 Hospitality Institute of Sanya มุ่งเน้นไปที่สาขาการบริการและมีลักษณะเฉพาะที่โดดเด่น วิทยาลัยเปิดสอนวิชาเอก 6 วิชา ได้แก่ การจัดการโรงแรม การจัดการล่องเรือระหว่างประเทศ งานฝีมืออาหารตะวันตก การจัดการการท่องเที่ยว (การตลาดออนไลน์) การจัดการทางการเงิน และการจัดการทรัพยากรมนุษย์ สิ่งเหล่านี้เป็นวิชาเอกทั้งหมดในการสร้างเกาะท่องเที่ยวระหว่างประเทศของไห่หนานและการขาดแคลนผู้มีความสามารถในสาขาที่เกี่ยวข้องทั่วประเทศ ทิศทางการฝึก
==
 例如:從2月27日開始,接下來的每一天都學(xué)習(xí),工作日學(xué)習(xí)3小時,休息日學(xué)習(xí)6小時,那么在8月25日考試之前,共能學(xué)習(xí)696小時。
---
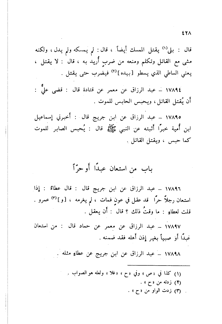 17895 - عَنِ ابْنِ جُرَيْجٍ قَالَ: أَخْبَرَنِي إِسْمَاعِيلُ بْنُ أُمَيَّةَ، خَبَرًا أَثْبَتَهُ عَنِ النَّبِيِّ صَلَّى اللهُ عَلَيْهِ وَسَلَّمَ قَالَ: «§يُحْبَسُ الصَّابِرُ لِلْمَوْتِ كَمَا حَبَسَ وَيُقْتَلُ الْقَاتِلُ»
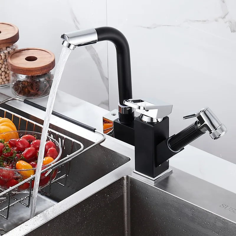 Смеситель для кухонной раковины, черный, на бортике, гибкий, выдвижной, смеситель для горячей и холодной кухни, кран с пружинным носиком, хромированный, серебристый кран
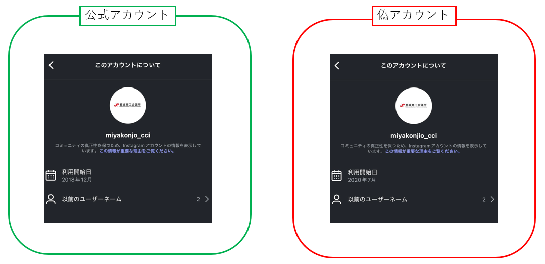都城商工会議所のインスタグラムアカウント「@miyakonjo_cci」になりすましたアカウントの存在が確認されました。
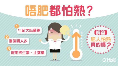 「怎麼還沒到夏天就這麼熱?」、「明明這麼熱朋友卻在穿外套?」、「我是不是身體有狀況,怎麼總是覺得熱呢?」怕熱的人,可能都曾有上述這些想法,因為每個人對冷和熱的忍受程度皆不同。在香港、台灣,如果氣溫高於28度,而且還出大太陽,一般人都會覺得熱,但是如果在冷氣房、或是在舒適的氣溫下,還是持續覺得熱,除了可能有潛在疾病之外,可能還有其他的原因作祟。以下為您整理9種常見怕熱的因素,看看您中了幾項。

• [Work task]:
Copy the lines above exactly, starting with the line that contains "Смеситель для кухонной" and ending with the line that contains "都城商工会議所のインスタグラ", and leave out any pictures.

• [Solution for this task]:
 Смеситель для кухонной раковины, черный, на бортике, гибкий, выдвижной, смеситель для горячей и холодной кухни, кран с пружинным носиком, хромированный, серебристый кран
都城商工会議所のインスタグラムアカウント「@miyakonjo_cci」になりすましたアカウントの存在が確認されました。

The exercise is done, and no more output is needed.